WORK INSTRUCTION: Leave out any picture and return the remaining listing below exactly as given.

DATASET EXTRACT:

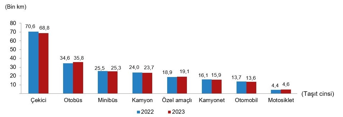 Taşıtların bir yılda yaptıkları ortalama kilometreler incelendiğinde; 2023 yılında sırasıyla çekicilerin 68 bin 785, otobüslerin 35 bin 808, minibüslerin 25 bin 268, kamyonların 23 bin 704, özel amaçlı taşıtların 19 bin 142, kamyonetlerin 15 bin 928, otomobillerin 13 bin 564 ve motosikletlerin 4 bin 554 kilometre yaptığı hesaplandı.
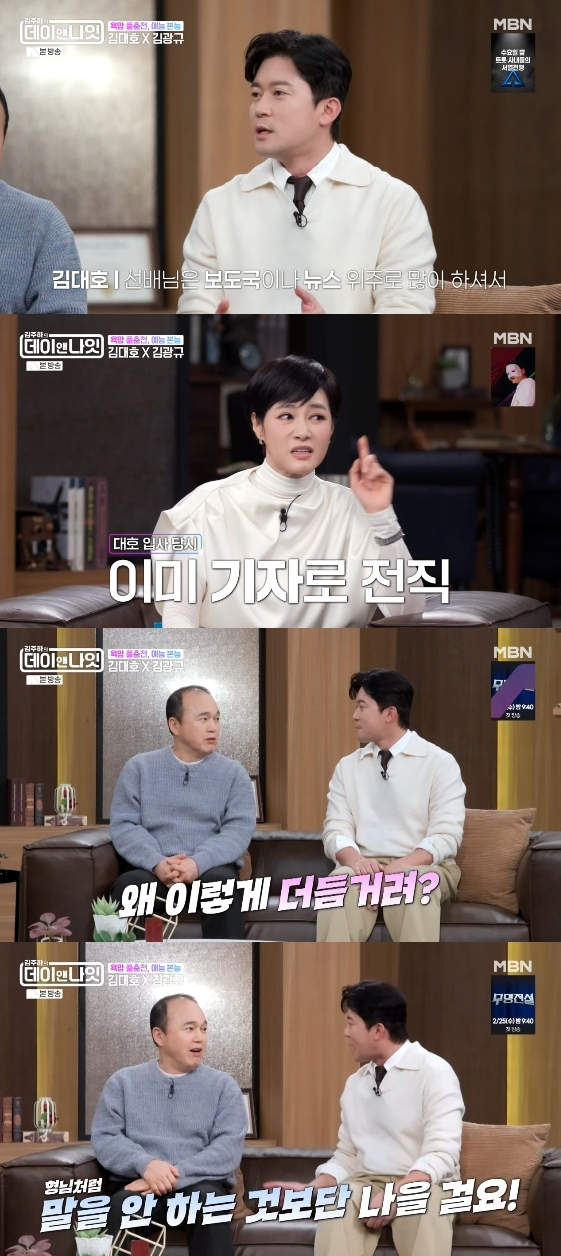21일 방송된 MBN 예능 프로그램 '김주하의 데이앤나잇'에는 오는 25일 첫 방송을 앞둔 예능 '무명전설'의 주역 김대호와 배우 김광규가 게스트로 출연했다.
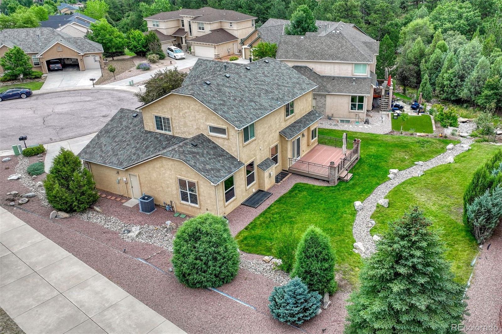 Fabulous 5-Bedroom Home in Sought-After University Bluffs! This beautifully remodeled, move-in ready stucco 2-story offers 5 bedrooms, 4 bathrooms, a separate office, and a spacious 3-car garage with overhead storage—all tucked away on a quiet cul-de-sac in University Bluffs. Step inside to a bright and open living/dining room combo featuring stylish LVP flooring. The updated kitchen is a chef’s dream with white cabinetry, quartz countertops, stainless steel appliances, and designer finishes. The inviting great room showcases a cozy gas log fireplace and opens to a dedicated office with custom built-ins and French doors. From the kitchen, step out onto the low-maintenance composite deck—ideal for morning coffee or evening wine—overlooking serene woods and open space. A beautiful river rock bed highlights the backyard, and the property extends beyond the rocks to the tree line for added privacy. Upstairs, you’ll find a remodeled full hall bath with dual sinks, newer tile, and modern fixtures. The fully finished basement offers a large recreation room, a wet bar with a full-size refrigerator, a 3/4 bath, and an oversized fifth bedroom—perfect for guests or multi-generational living. Additional updates include a newer furnace and water heater. Enjoy easy access to shopping, dining, UCCS, and I-25. The neighborhood features two parks and scenic walking trails surrounding Pulpit Rock. Don’t miss this exceptional home in one of Colorado Springs’ most convenient and desirable neighborhoods!
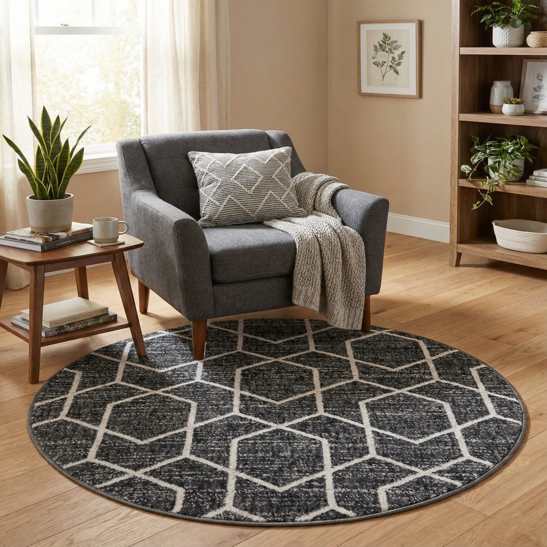 Place this round rug beneath a side table or in a cozy seating nook to define the area and add pattern without overwhelming the space. Its charcoal and ivory palette pairs well with light wood or black metal furniture, neutral upholstery, and layered textures like knit throws or leather accents. It’s also a good choice for a home office, entry, or den where a compact, stylish anchor is needed.

ANSWER TO THE EXERCISE:
 Taşıtların bir yılda yaptıkları ortalama kilometreler incelendiğinde; 2023 yılında sırasıyla çekicilerin 68 bin 785, otobüslerin 35 bin 808, minibüslerin 25 bin 268, kamyonların 23 bin 704, özel amaçlı taşıtların 19 bin 142, kamyonetlerin 15 bin 928, otomobillerin 13 bin 564 ve motosikletlerin 4 bin 554 kilometre yaptığı hesaplandı.
21일 방송된 MBN 예능 프로그램 '김주하의 데이앤나잇'에는 오는 25일 첫 방송을 앞둔 예능 '무명전설'의 주역 김대호와 배우 김광규가 게스트로 출연했다.
 Fabulous 5-Bedroom Home in Sought-After University Bluffs! This beautifully remodeled, move-in ready stucco 2-story offers 5 bedrooms, 4 bathrooms, a separate office, and a spacious 3-car garage with overhead storage—all tucked away on a quiet cul-de-sac in University Bluffs. Step inside to a bright and open living/dining room combo featuring stylish LVP flooring. The updated kitchen is a chef’s dream with white cabinetry, quartz countertops, stainless steel appliances, and designer finishes. The inviting great room showcases a cozy gas log fireplace and opens to a dedicated office with custom built-ins and French doors. From the kitchen, step out onto the low-maintenance composite deck—ideal for morning coffee or evening wine—overlooking serene woods and open space. A beautiful river rock bed highlights the backyard, and the property extends beyond the rocks to the tree line for added privacy. Upstairs, you’ll find a remodeled full hall bath with dual sinks, newer tile, and modern fixtures. The fully finished basement offers a large recreation room, a wet bar with a full-size refrigerator, a 3/4 bath, and an oversized fifth bedroom—perfect for guests or multi-generational living. Additional updates include a newer furnace and water heater. Enjoy easy access to shopping, dining, UCCS, and I-25. The neighborhood features two parks and scenic walking trails surrounding Pulpit Rock. Don’t miss this exceptional home in one of Colorado Springs’ most convenient and desirable neighborhoods!
 Place this round rug beneath a side table or in a cozy seating nook to define the area and add pattern without overwhelming the space. Its charcoal and ivory palette pairs well with light wood or black metal furniture, neutral upholstery, and layered textures like knit throws or leather accents. It’s also a good choice for a home office, entry, or den where a compact, stylish anchor is needed.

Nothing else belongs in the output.